DORA 2025: What Does it Mean for Financial Services?
2025 has already presented a wealth of cyber challenges for organisations sector-wide, impacting not just their funds but their operational stability as well.
However, the Digital Operational Resilience Act (DORA) represents a pivotal moment in how financial organisations approach operational risk management.
The January 2025 deadline has since passed, so what does this mean for financial institutions? Let’s explore what DORA demands of such institutions and how their requirements can be leveraged for long-term operational stability and success.
What is DORA and What is Its Purpose?
DORA is a regulation introduced by the European Union (EU) mandating that financial institutions take better care of managing their technology risks and ensure their operations remain disruption-free.
DORA came into effect in January 2025, representing the first piece of cyber security legislation of its kind.
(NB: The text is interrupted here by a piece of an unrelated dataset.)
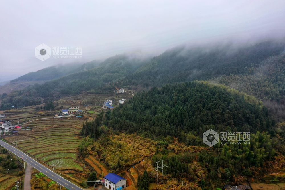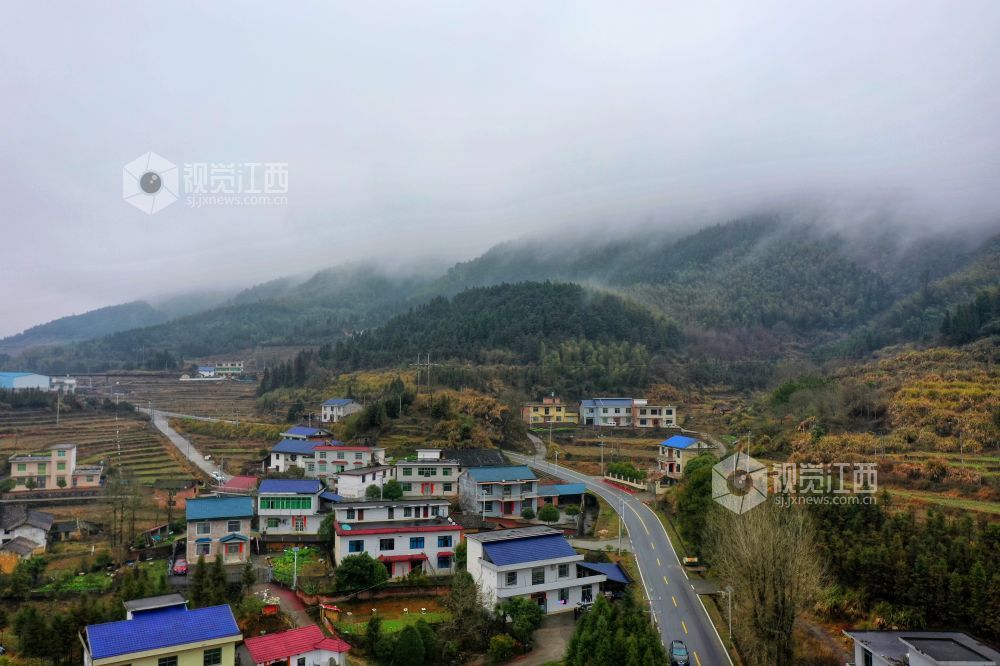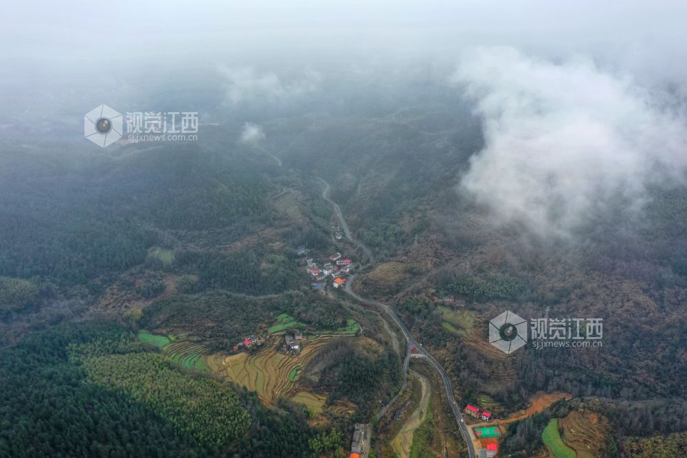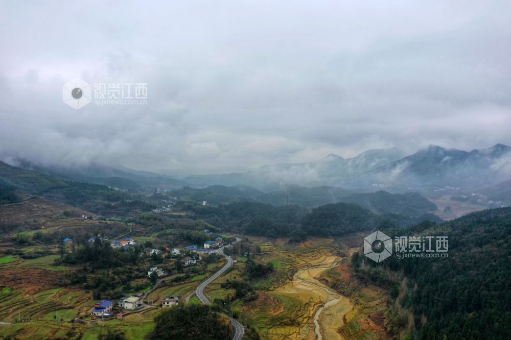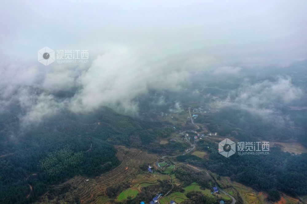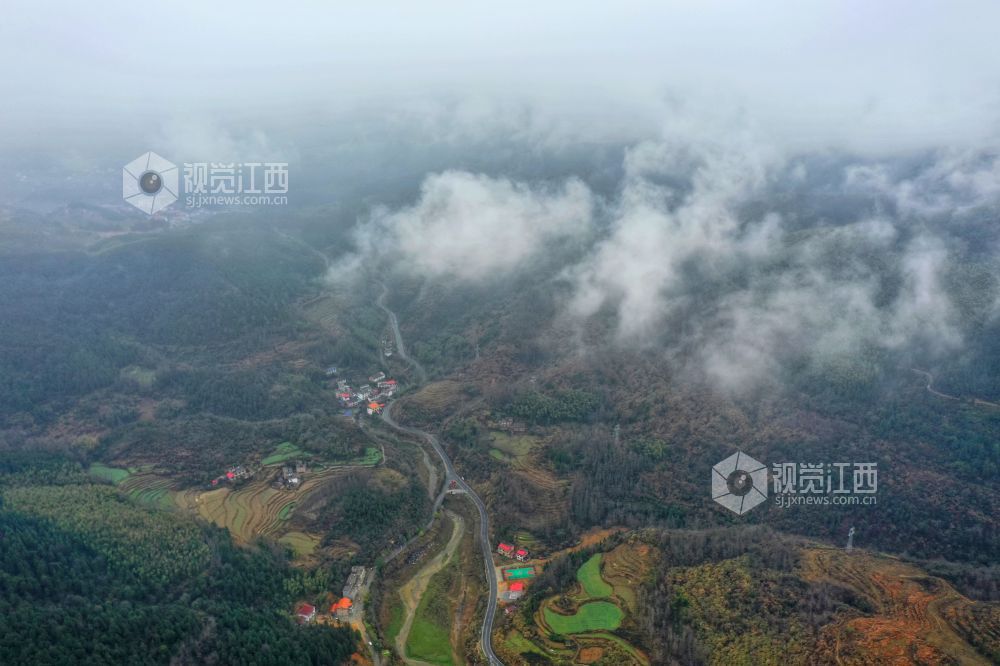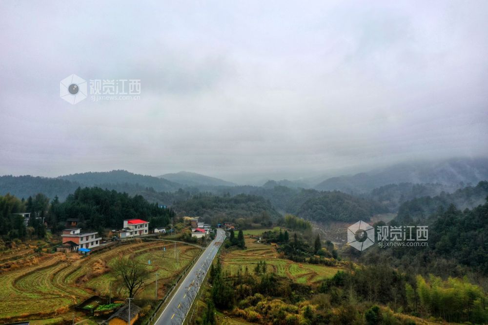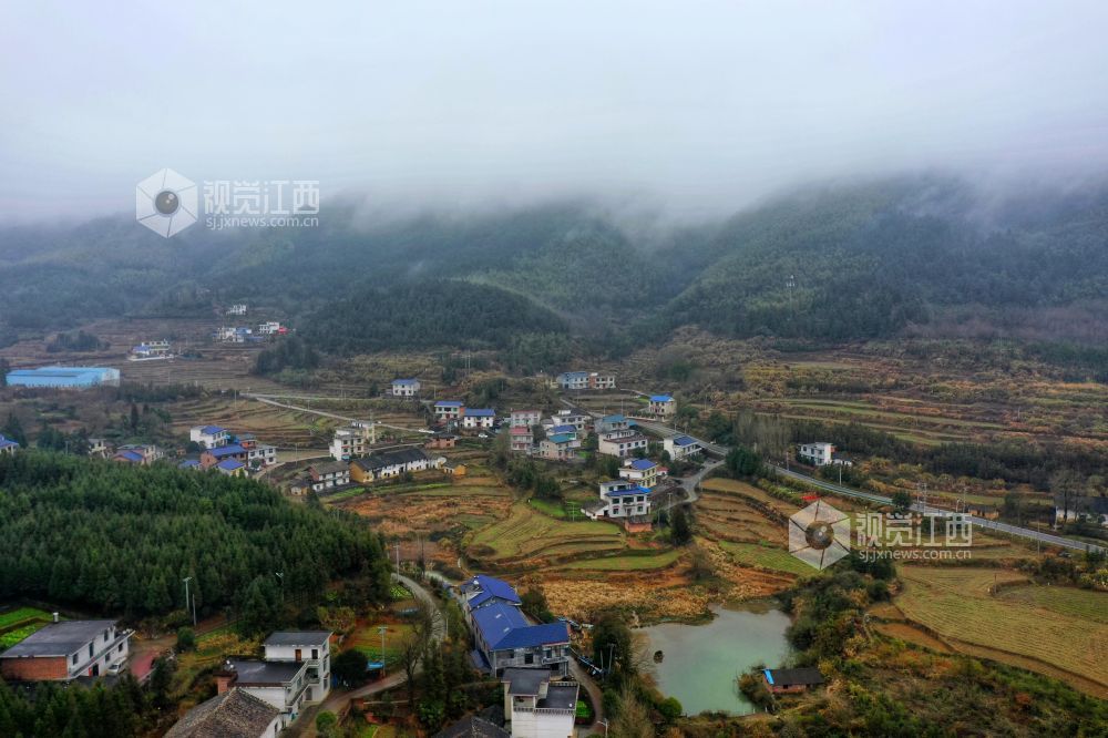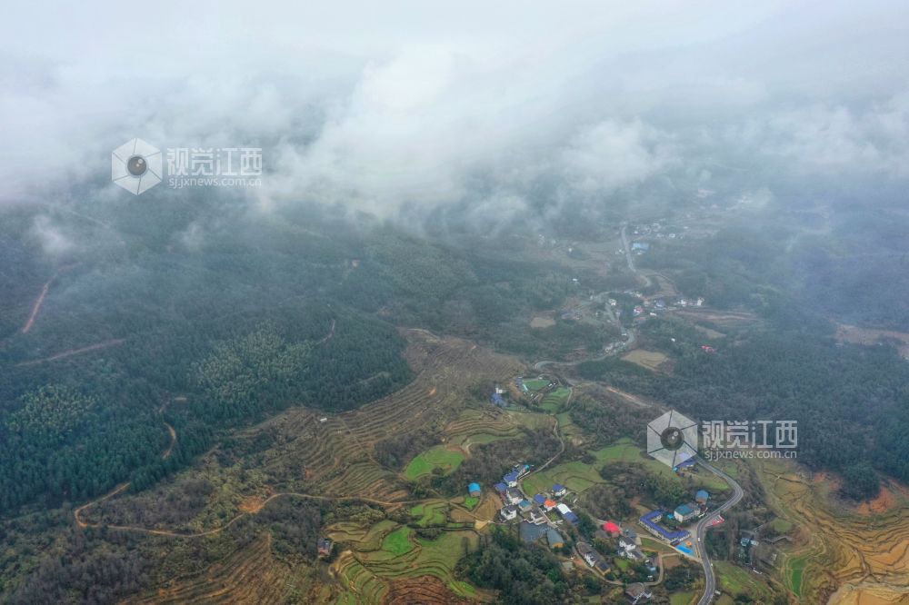 2022年2月4日,江西省萍乡市芦溪县长丰乡磨桥村一带层林尽染,农舍庭院与多彩田野、山丘融为一体,相得益彰,构成一幅幅美丽乡村画卷。

It creates a unified regulatory focus and approach across financial services companies in the EU and independent partner nations.
The scope of DORA is remarkably broad, covering over 22,000 financial entities operating within the EU, ranging from high-street banks and financial technology (FinTech) firms to insurance providers and crowdfunding platforms, to name a few. Fundamentally, however, it also extends to ICT (information and communications technology) service providers supporting such institutions, creating a framework that addresses the risks that the financial sector is susceptible to. It doesn’t ignore or overlook the fact that the sector is increasingly reliant on technology, and such dependency can make firms more vulnerable to cyber attacks and severe security breaches.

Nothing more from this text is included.